Economic news

Oil Prices Jump more than 3% on US-China Tariff Reductions

  • US and China agree to 90-day on pause on tariffs
  • Deal raises hopes of an end to trade war
  • Brent crude rises to $65.94, WTI to $63.08

LONDON, May 12 (Reuters) - Oil prices rose more than 3% on Monday after the U.S. and China said they would ease some of their tariff measures, raising hopes of an end to the trade war between the world's two largest consumers of crude oil.

Brent crude futures climbed $2.03, or 3.18%, to $65.94 a barrel by 0942 GMT. U.S. West Texas Intermediate (WTI) crude futures were trading up $2.06, or 3.38%, at $63.08.
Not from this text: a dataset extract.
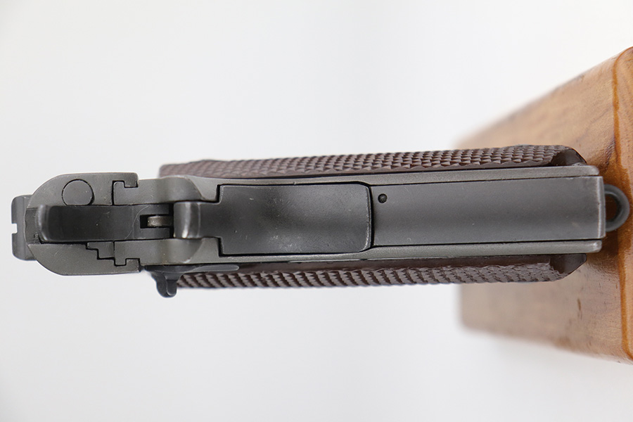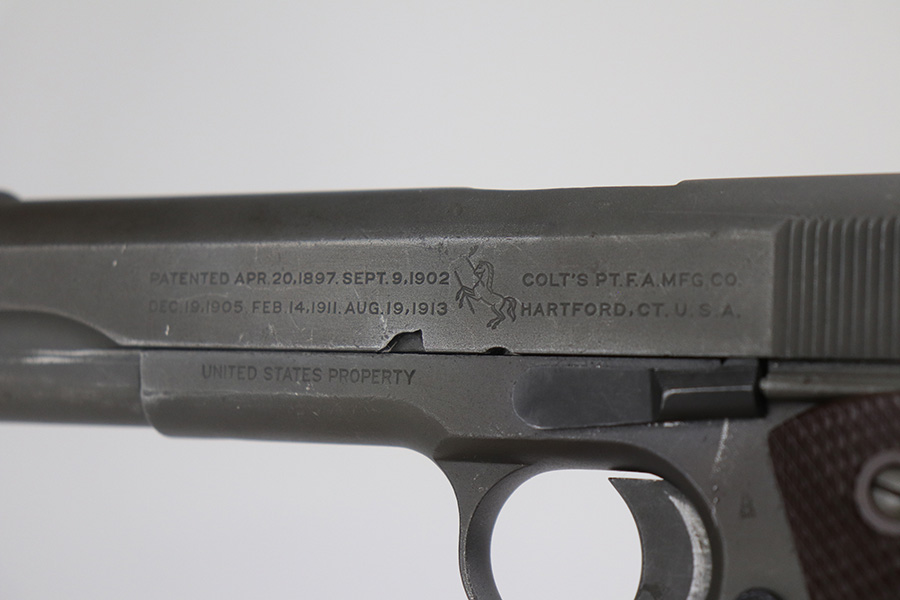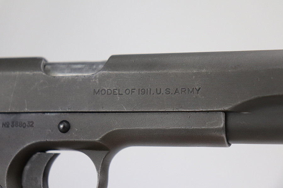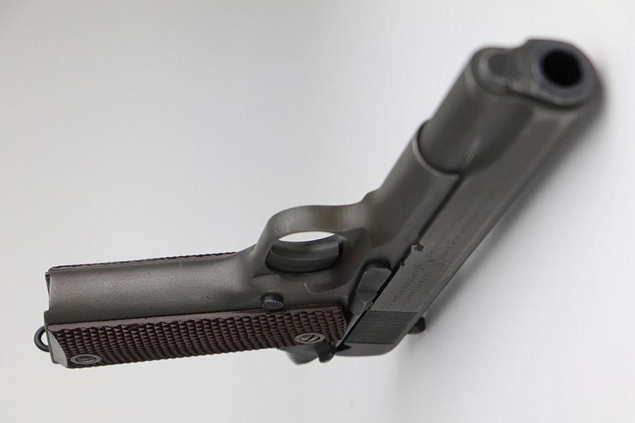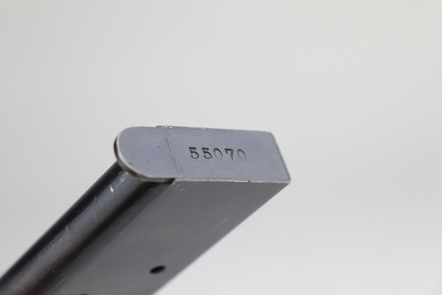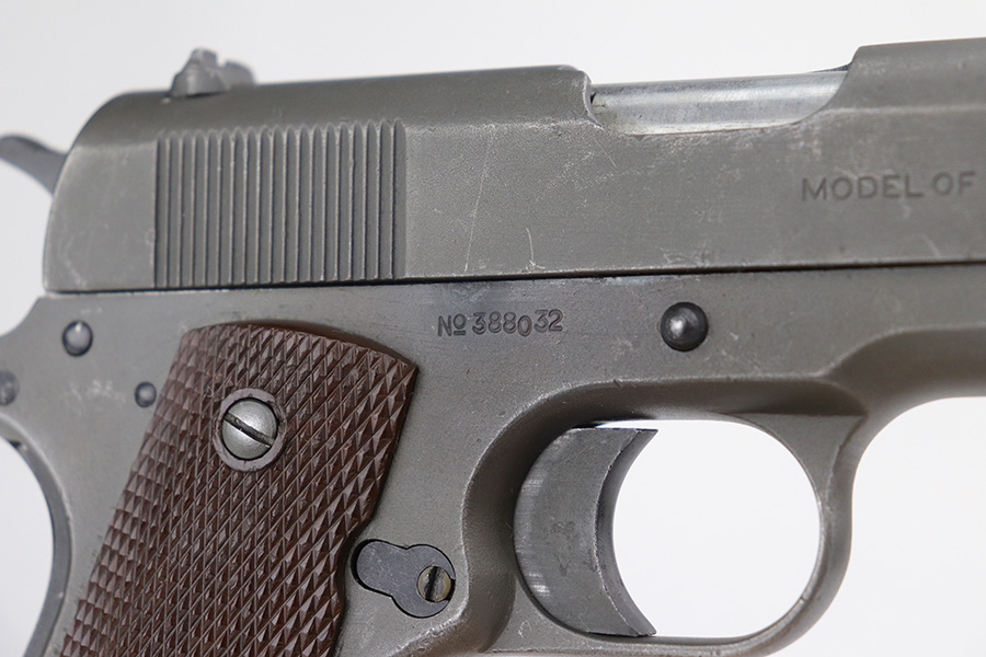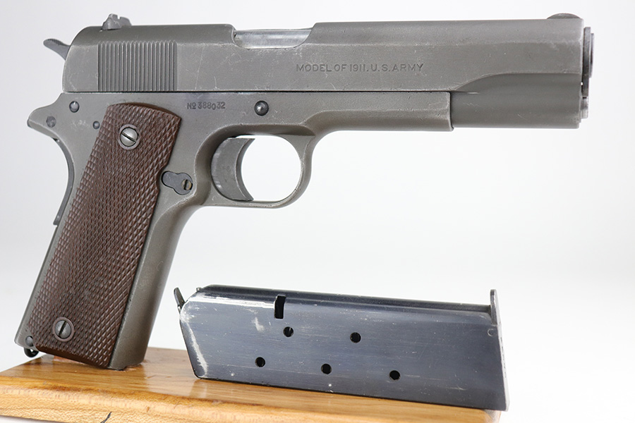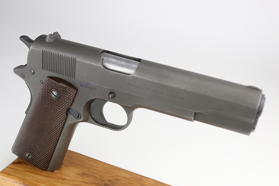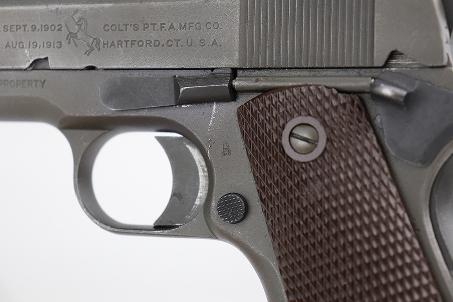 10/22/21 – This is a military-issued Colt 1911 from 1918. Slide and frame are original but the finish was redone at some point after the war and is now parkerized (originally blued). It does not have arsenal re-work proofs though. Comes with WW2-era ‘HS’ barrel with excellent bore. The grips are also WW2-era with sharp checkering and no notable defects. Magazine is post-WW2 and has a serial number on the base.

The U.S. and China on Monday announced agreement on a temporary pause on tariffs after talks in Geneva over the weekend. The two sides agreed to a 90-day pause and said tariffs would be cut by more than 100 percentage points to a 10% baseline rate.

"Global equity markets and procyclical commodities have responded very positively," said Saxo Bank analyst Ole Hansen.

The Geneva meetings were the first face-to-face interactions between senior U.S. and Chinese economic officials since U.S. President Donald Trump returned to power and launched a spate of tariffs on trading partners across the globe.

Positive talks between the world's two largest economies could help to boost demand as trade between the countries is restored.

Both oil benchmarks had gained more than 4% last week after a U.S. trade deal with Britain swelled investor optimism that economic disruptions from U.S. tariffs on trading partners may be avoided.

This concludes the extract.